Stupid fat fingers!!! Sorry for the typo on the lenght....:what:

Thank you

May 17, 2010, 10:02 AM
The first 3 or 4 firings it will strech enough that it is a good idea to trim each time. After that the streching slows down and you can usually get by with trimming every other firing, but I like to trim them each time anyway unless it is a small batch that I don't mind taking the time to measure them all.

That is for general plinking ammo.

For loads I am looking for accuracy from, I trim every time, regardless, but it is probably overkill.

May 17, 2010, 10:09 AM
Do you always trim your brass after shot (in fact it is resize) and initial trim

Trimming is such a pain. Takes forever with Lee Trimmers, or lathe type trim tools. I used to watch entire Baseball National Championships, trimming, deburring cases. It took weeks to finish off 800 cases.

So I can understand the reluctance to trim cases. However, you either have to measure all cases, to verify that none are too long, or you just trim each time.

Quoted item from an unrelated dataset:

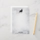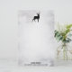 Stationery paper with an image featuring a black silhouette reindeer with big antlers. Gray watercolor background.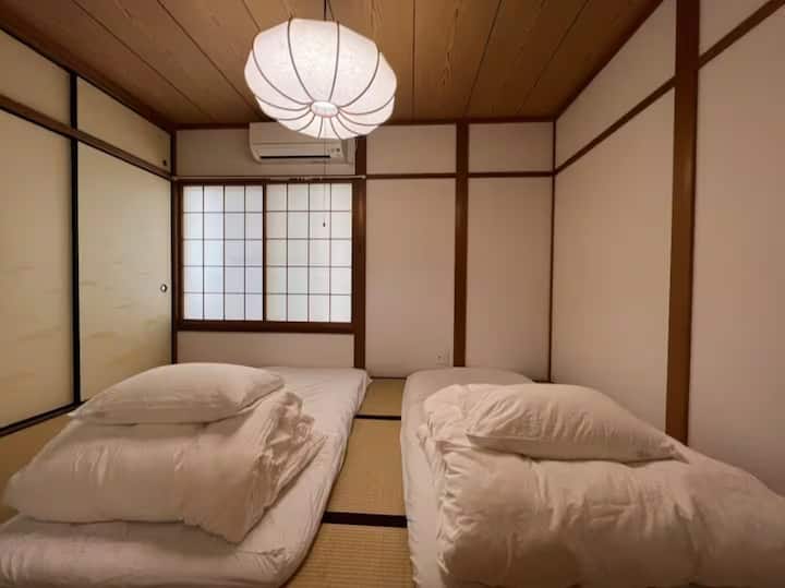 Не грижете се за 🛏️ 8: четири спални соби со татами + двојна бања + приватна бања, подно греење/клима уред/машина за перење/сушење алишта, паметен дом + проекција на Netflix.

Early in my reloading experience, when calipers with vernier scales were $70.00 and l calipers with dials were $125, it took a lot of time to measure case length with the vernier caliper I owned. I found out early that cases grew the most the first firing, and they also grow unpredictably up to the tenth reload. I had a few overlong cases pinch the bullet in the throat and cause blown/leaking primers.

After that I decided to just trim each time after sizing. And that took forever.
However my life is much better now. I bought a Gracey trimmer and that was the best of its type till the Giraud came out. http://www.giraudtool.com/prod02.htm

With these power trimmers, it now takes less than 10 minutes, start to finish, to trim the 88 rounds I shoot in an Highpower rifle match.

I donít know the total time, or total case count, but I have trimmed five gallon buckets of brass with my Giraud in far less time than it took me to trim and deburr 800 cases.

Because of the speed by which I can now trim and deburr cases, I now do it each time the case is sized.

May 17, 2010, 10:30 AM
I run every case through a 650 with a trimmer on it before I load. Many do not need this but I gather my brass mostly from matches so I don’t know what rifle it came from and it’s quicker for me to pull the handle than inspect with a case gauge or caliper.

May 17, 2010, 12:08 PM
I use a Forster case guage to measure. If it needs trimming, the guage will tell you.

Walkalong, are you using commercial or MilSurp brass?????

I use MilSurp, and usually get 3-4 firings after initial trimming. I usually load to duplicate M193 ball.

May 17, 2010, 12:58 PM
You do not need to trim brass untill it reaches maximum lenght of 1.760". Then brass is trimmed back .010" to 1.750" If your using an RCBS X Die, you trim to 1.740" If you crimp your ammo, then trimming at each loading might be a better idea. When using range brass, even with the same headstamp, brass can grow at different rates. Check ever case for length.:scrutiny:

May 17, 2010, 02:34 PM
Walkalong, are you using commercial or MilSurp brass?????Both. I have been playing with 8 cases lately. 2 RP and 5 LC from 68 to 91.

I scrapped the LC 68 after 10 firings due to a loose primer pocket. Should have scrapped it after the 9th firing judging by the leakage around the primer.

The other cases are fine and show absolutely no internal or external sign of case head separation.

The loads have been .3 to .4 grs under a max in a manual up to .1 gr over what I settled on as OK for that brass weight.

I was working up a 55 Gr plinking load with different powders I may want to use since I have them in some quantity and are not using them for anything right now. (Tac, H322, N130) Gonna do some 2230-S also.